Raw data Block Start

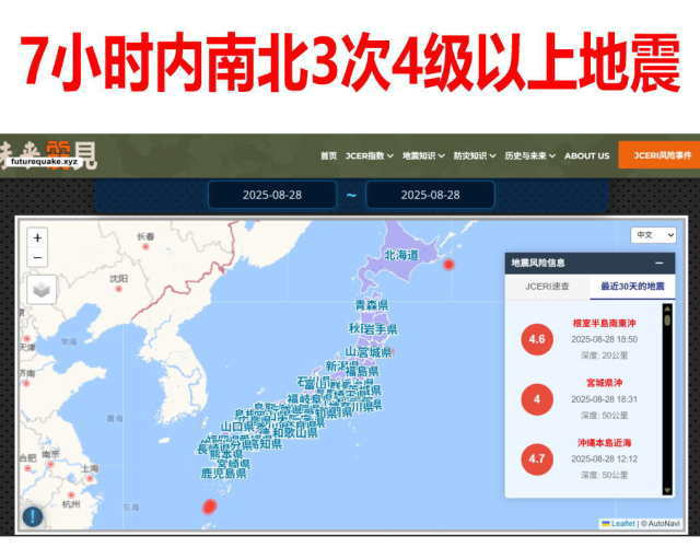 基于该机制,你可以把它想象成:整个日本列岛就像一个巨大的、充满压力的“应力锅”,今天这三个地方同时“呲”出了三股蒸汽。
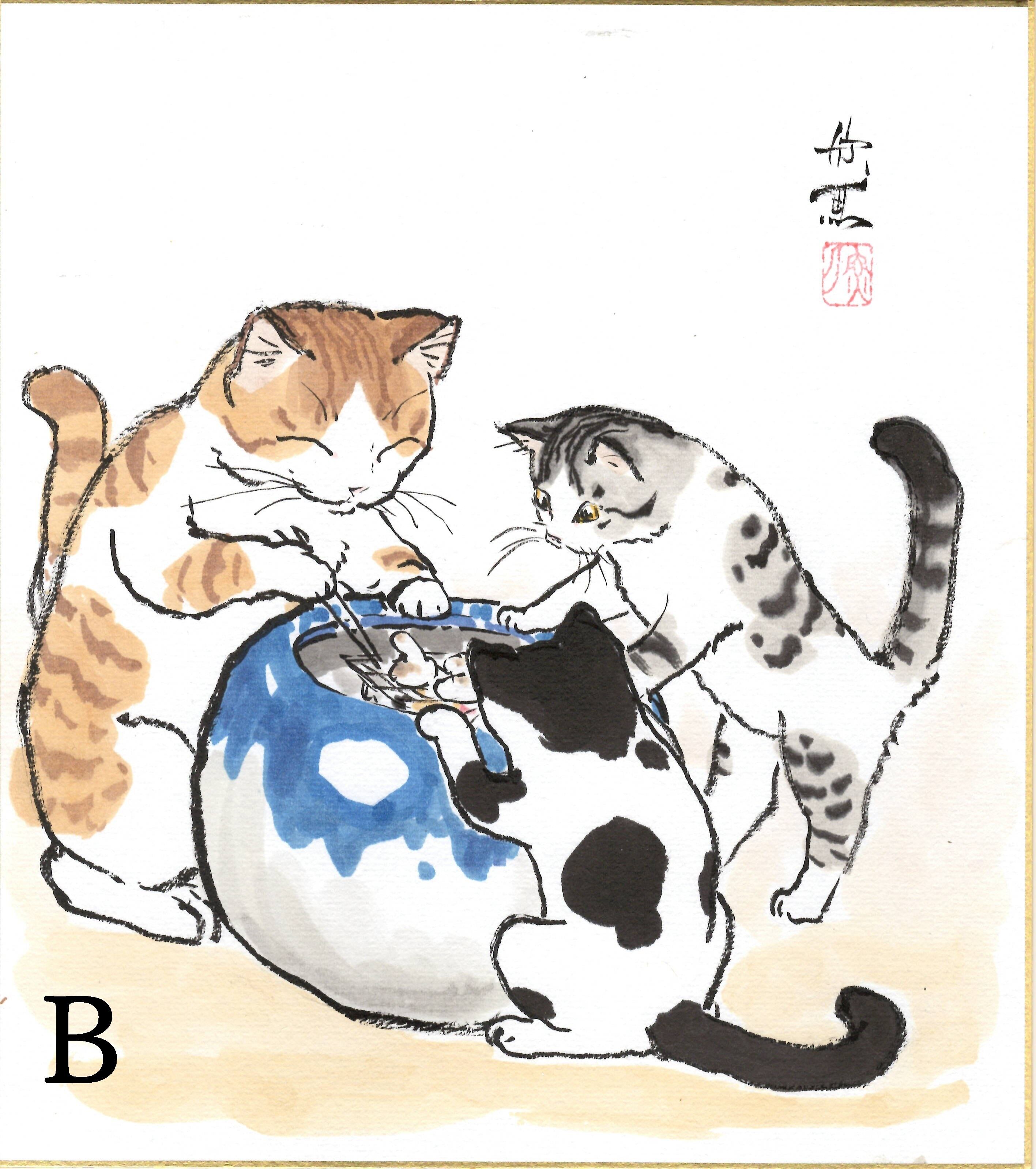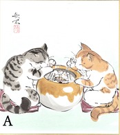 西村欣魚「餅焼き猫」色紙絵
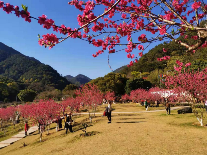 到了春天,缤纷落樱洒落在溪流两岸,粉、红、白三色樱花与潺潺溪水相互应和,水潭幽深碧绿,花影随风摇曳,红粉交织的樱花挂在枝桠。这里种植有226多种的竹类,幽静肃然的竹林伴着鸟儿的清鸣,会带给你竹叶拂心的清幽之感。
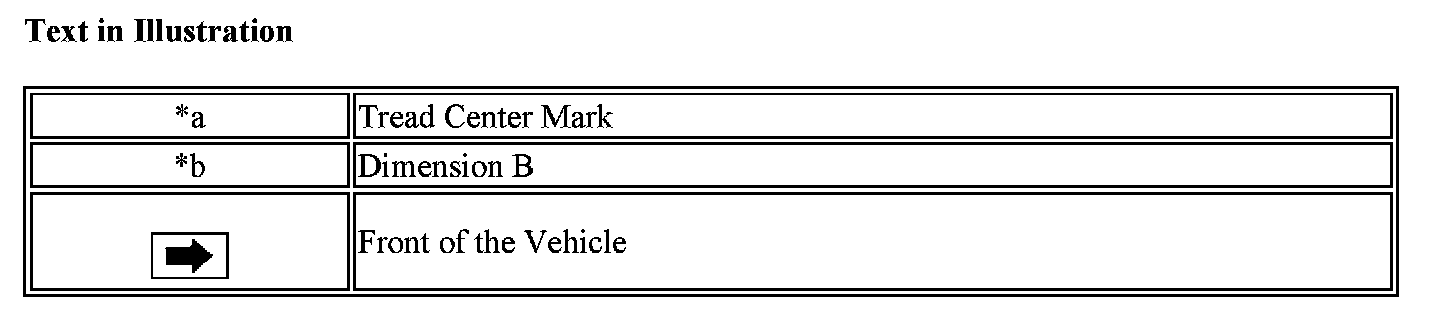 d. Put tread center marks on the rearmost points of the front wheels and measure the distance between the marks (dimension B).
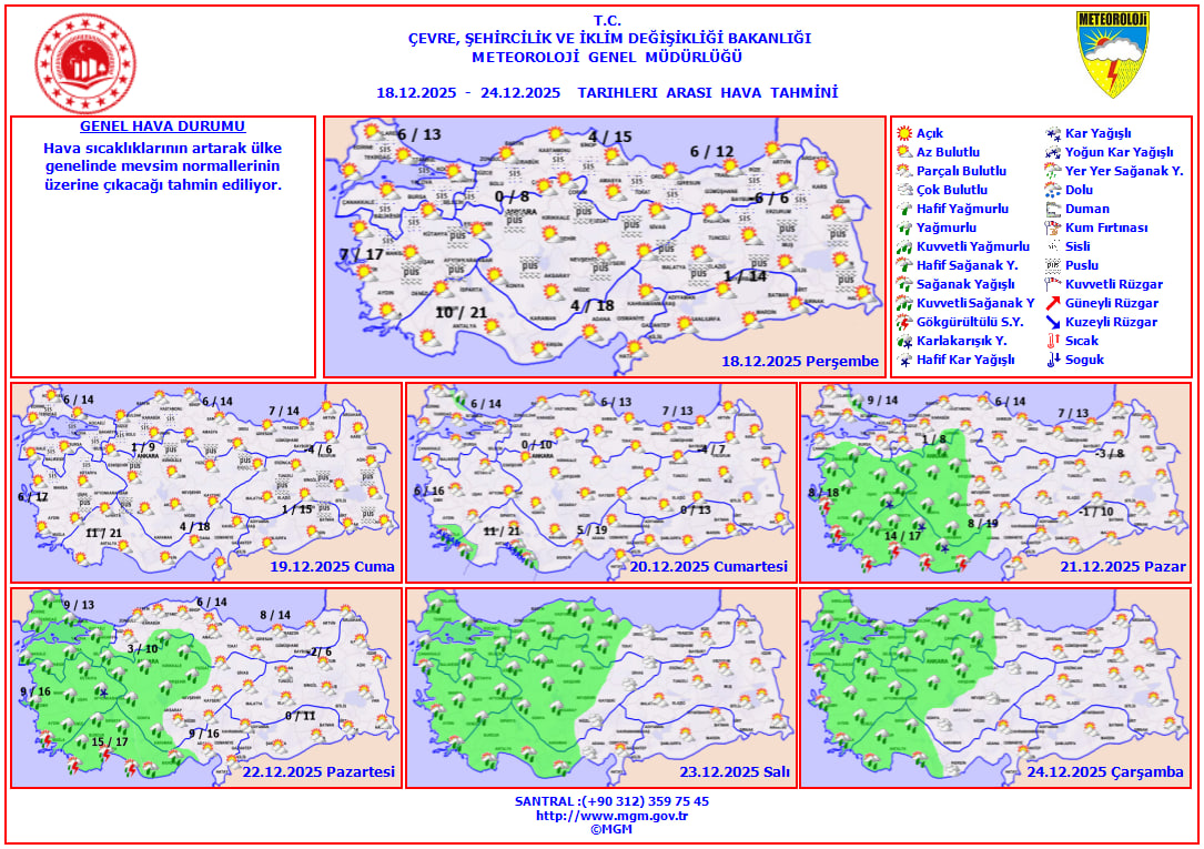 Sabah ve gece saatlerinde özellikle Marmara ile iç ve doğu bölgelerde pus ve yer yer sis görüleceği tahmin ediliyor. Hava sıcaklıklarının ülke genelinde mevsim normallerinin üzerinde seyretmesi beklenirken, rüzgarın genellikle kuzey yönlerden hafif, zaman zaman orta kuvvette esmesi öngörülüyor.
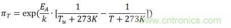 公式中,αf為測試的加速因子,也就是加速(后綴為a)測試條件下MTTF(Mean Time To Failures,平均無故障時間)與參考(后綴為u)測試條件下MTTF之比。EA是活化能,在0.79eV和0.95eV之間,k為玻爾茲曼常數(shù)。指數(shù)x為相對濕度的影響,指數(shù)y為電壓的影響,都是經(jīng)驗數(shù)據(jù),但是必須通過實際評估來確認。我們把此加速模型擴展到壽命預估模型中。
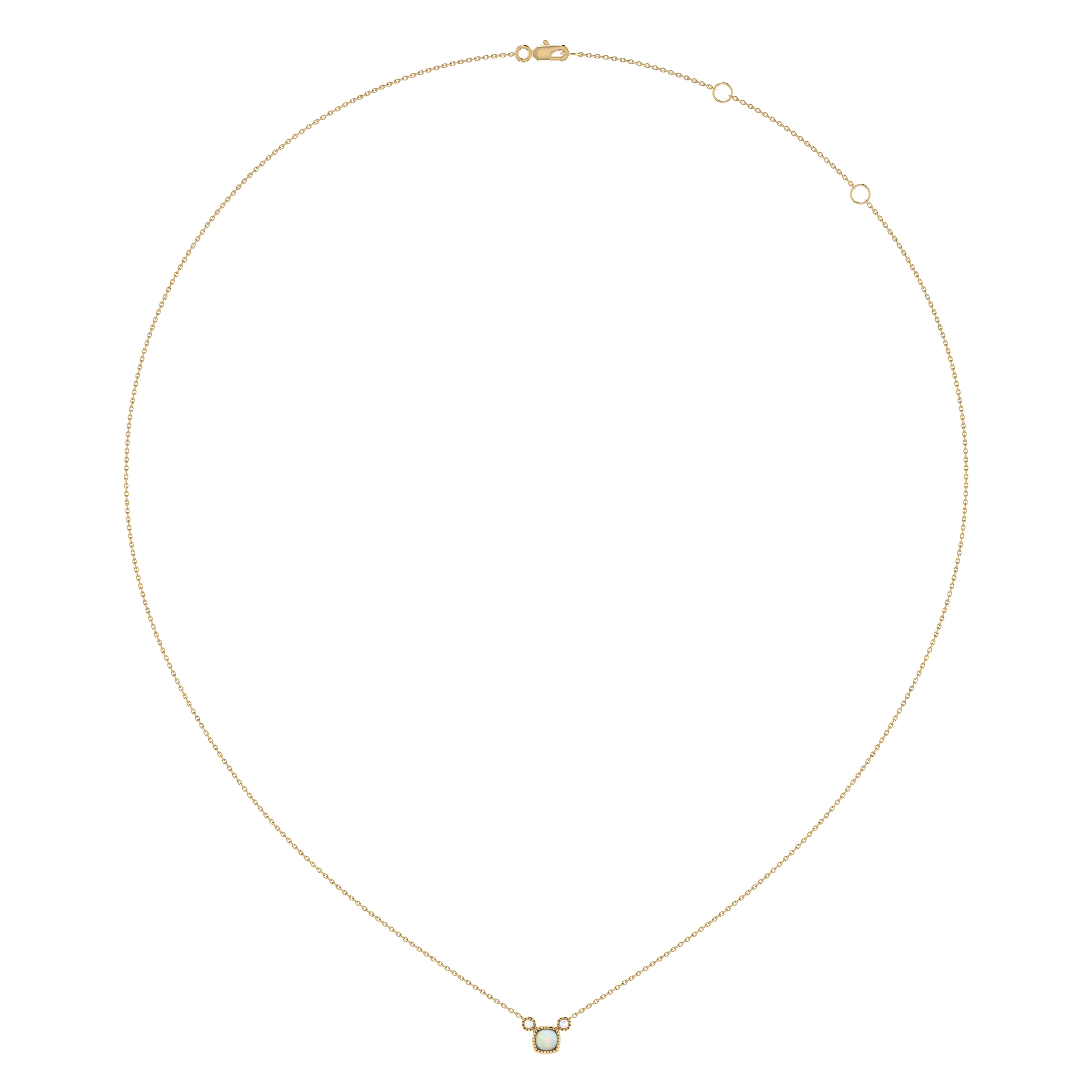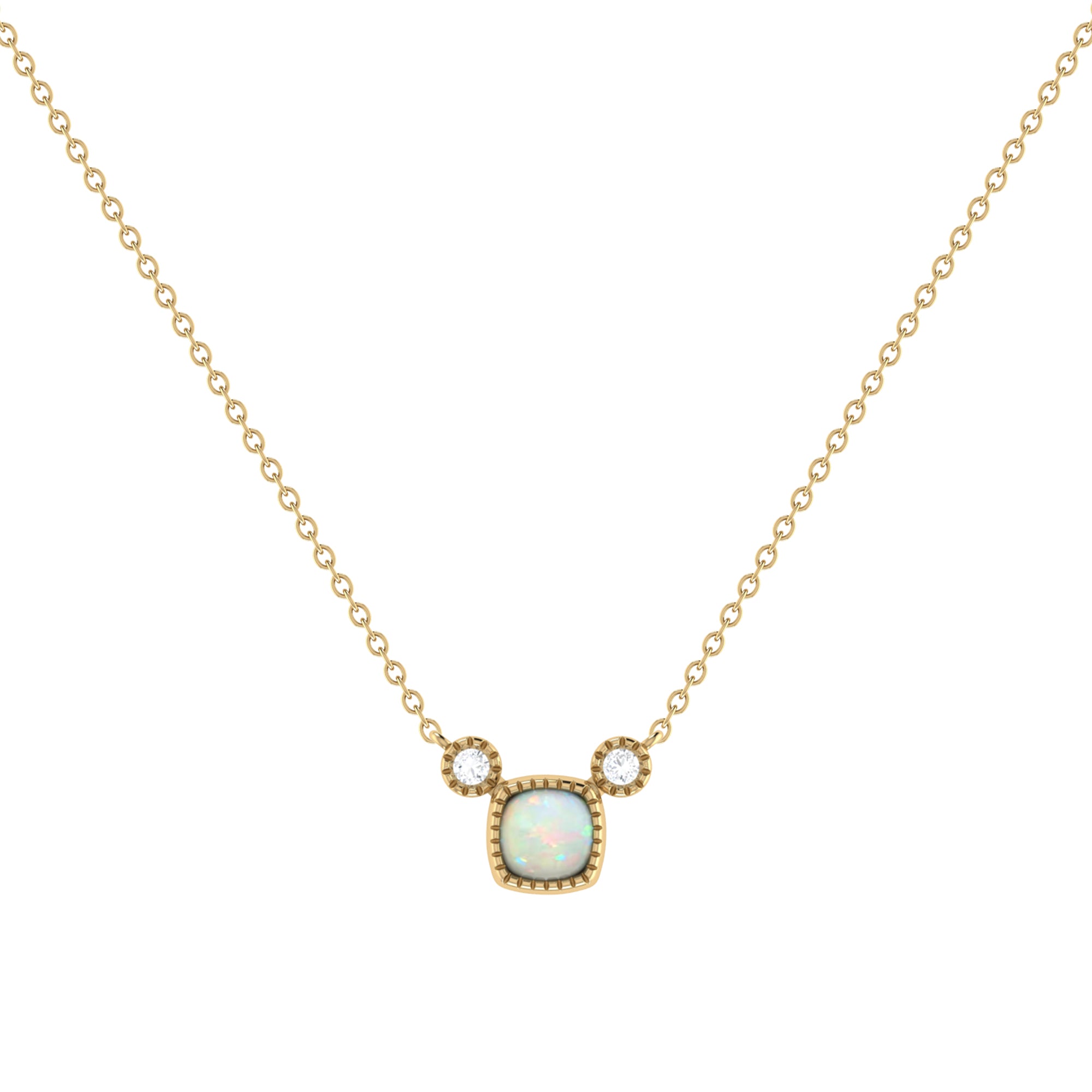 Cushion Cut Opal & Diamond Birthstone Necklace In 14K Yellow Gold
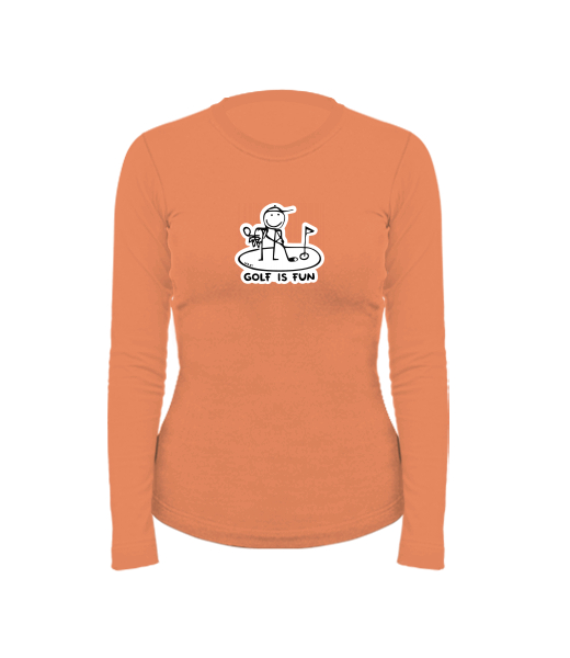 Women's cotton shirt with long sleeves for woman with design 1057 GOLF IS FUN in color MANDARIAN ORANGE
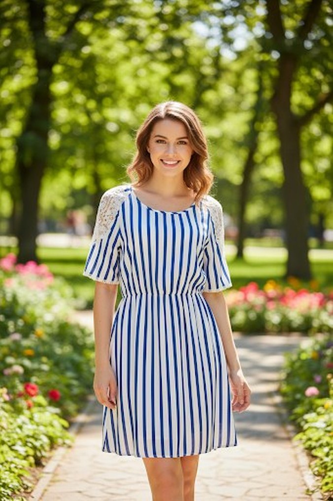 Dantel detaylı kısa kollu, mavi çizgili midi elbise. Kayık yaka ve rahat kesimle günlük dış mekan kullanımı için uygundur.
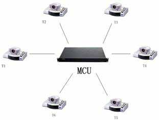 在會議場點數(shù)目不多且地域分布比較集中時,可采用單MCU方式,其組網(wǎng)結構見圖所示。圖中T1-T6均為視頻會議終端系統(tǒng)設備。
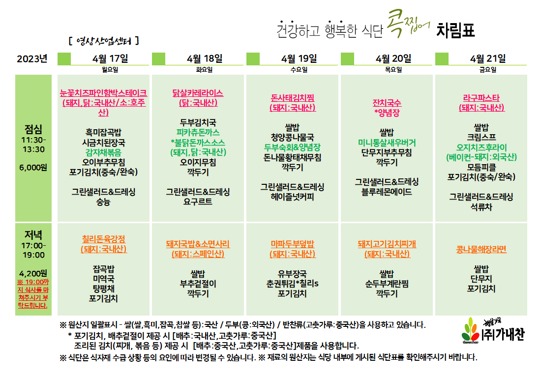 | 센텀시티 구내식당 식단표 [4월 3일 - 4월 7일] 주간 (0) | 2023.04.03 |
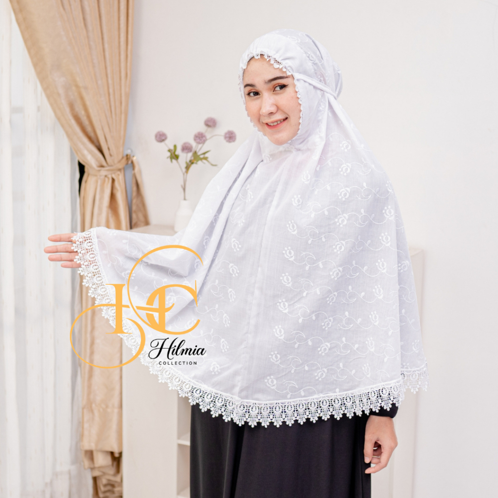 Kerudung Bergo Haji Dan Umroh Katun Bordir Premium | Hilmia
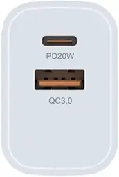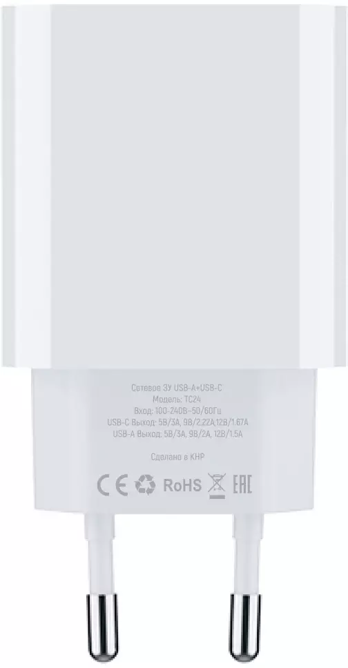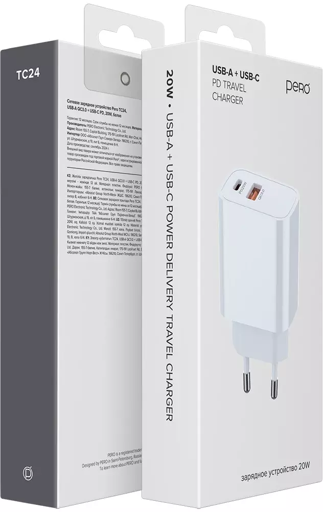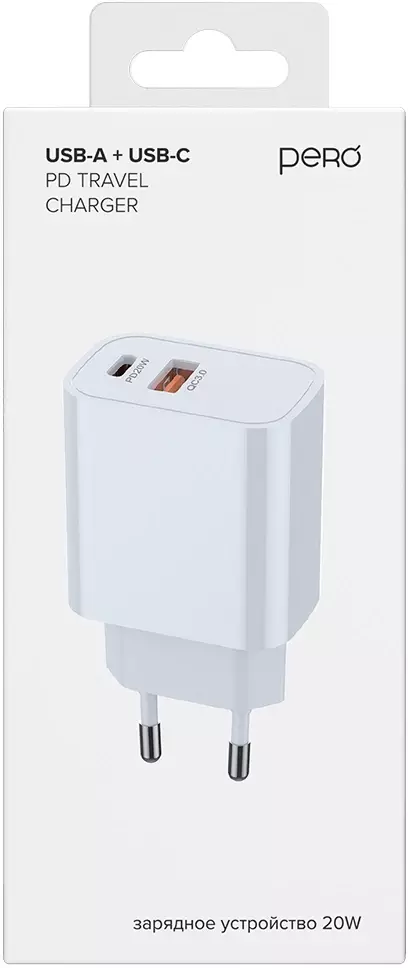 ОписаниеСетевое зарядное устройство PERO TC24 оснащено 2-мя USB-портами — USB-А с выходным током до 3А и USB-C с функцией быстрой зарядки Power Delivery, мощностью 20W. СЗУ имеет функцию fast charge и защиту от перегрузок и перегрева. Входное напряжение: 110-240В, 50-60Гц. LED-подсветка. Цвет: белый.
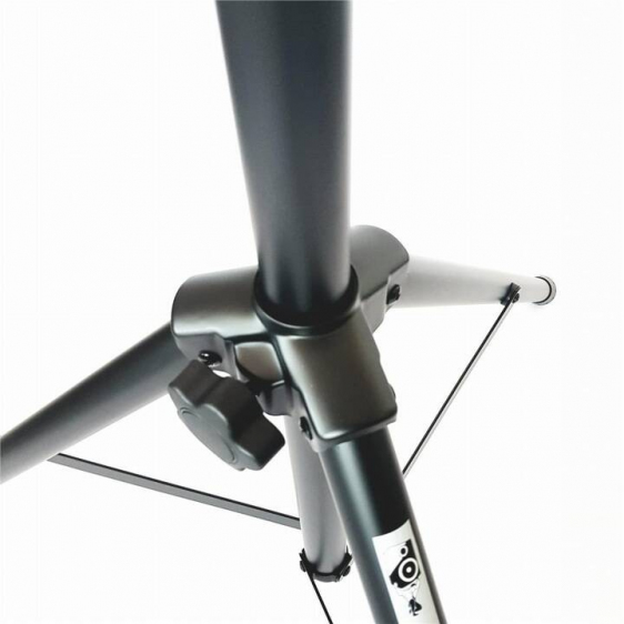 Statyw wykonany z metalu, pomalowany metodą proszkową w kolorze czarnym waga produktu z opakowaniem 4,20kg waga produktu bez opakowania 3,90kg rura nośna o przekroju 35mm udźwig do 50kg minimalna wysokość 124cm maksymalna wysokość 198cm podstawa trójnóg odstępy pomiędzy nogami 100cm długość nóg 70cm nogi o przektoju 35mm dociski stalowe z pokrętłami gwint 8mm dodatkowe zabezpieczenie bolec-przetyczka
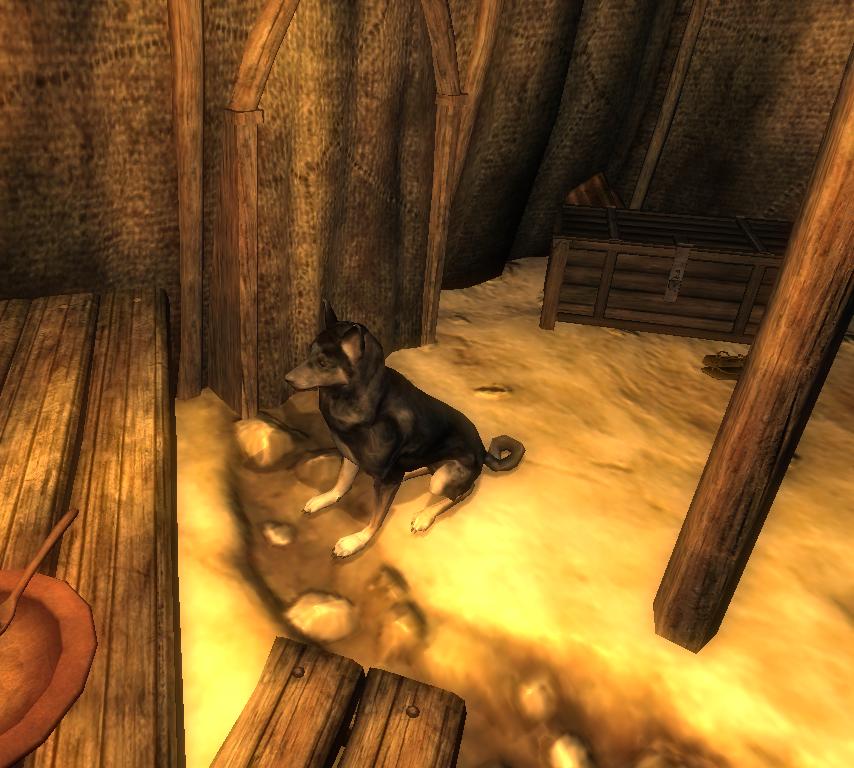 • Beschreibung: Dieses Bild zeigt Pumpkin den Hund des Anführers der Schwarzbogen-Banditen in Inneren des Zeltes Felsenmilch-Zuflucht.

Raw data Block End

About this task:
Taking the entries above, extract every line from the one bearing "d. Put tread" through the one bearing "ОписаниеСетевое зарядное устройство", exactly, with no pictures.

Answer to the problem:
 d. Put tread center marks on the rearmost points of the front wheels and measure the distance between the marks (dimension B).
 Sabah ve gece saatlerinde özellikle Marmara ile iç ve doğu bölgelerde pus ve yer yer sis görüleceği tahmin ediliyor. Hava sıcaklıklarının ülke genelinde mevsim normallerinin üzerinde seyretmesi beklenirken, rüzgarın genellikle kuzey yönlerden hafif, zaman zaman orta kuvvette esmesi öngörülüyor.
 公式中,αf為測試的加速因子,也就是加速(后綴為a)測試條件下MTTF(Mean Time To Failures,平均無故障時間)與參考(后綴為u)測試條件下MTTF之比。EA是活化能,在0.79eV和0.95eV之間,k為玻爾茲曼常數(shù)。指數(shù)x為相對濕度的影響,指數(shù)y為電壓的影響,都是經(jīng)驗數(shù)據(jù),但是必須通過實際評估來確認。我們把此加速模型擴展到壽命預估模型中。
 Cushion Cut Opal & Diamond Birthstone Necklace In 14K Yellow Gold
 Women's cotton shirt with long sleeves for woman with design 1057 GOLF IS FUN in color MANDARIAN ORANGE
 Dantel detaylı kısa kollu, mavi çizgili midi elbise. Kayık yaka ve rahat kesimle günlük dış mekan kullanımı için uygundur.
 在會議場點數(shù)目不多且地域分布比較集中時,可采用單MCU方式,其組網(wǎng)結構見圖所示。圖中T1-T6均為視頻會議終端系統(tǒng)設備。
 | 센텀시티 구내식당 식단표 [4월 3일 - 4월 7일] 주간 (0) | 2023.04.03 |
 Kerudung Bergo Haji Dan Umroh Katun Bordir Premium | Hilmia
 ОписаниеСетевое зарядное устройство PERO TC24 оснащено 2-мя USB-портами — USB-А с выходным током до 3А и USB-C с функцией быстрой зарядки Power Delivery, мощностью 20W. СЗУ имеет функцию fast charge и защиту от перегрузок и перегрева. Входное напряжение: 110-240В, 50-60Гц. LED-подсветка. Цвет: белый.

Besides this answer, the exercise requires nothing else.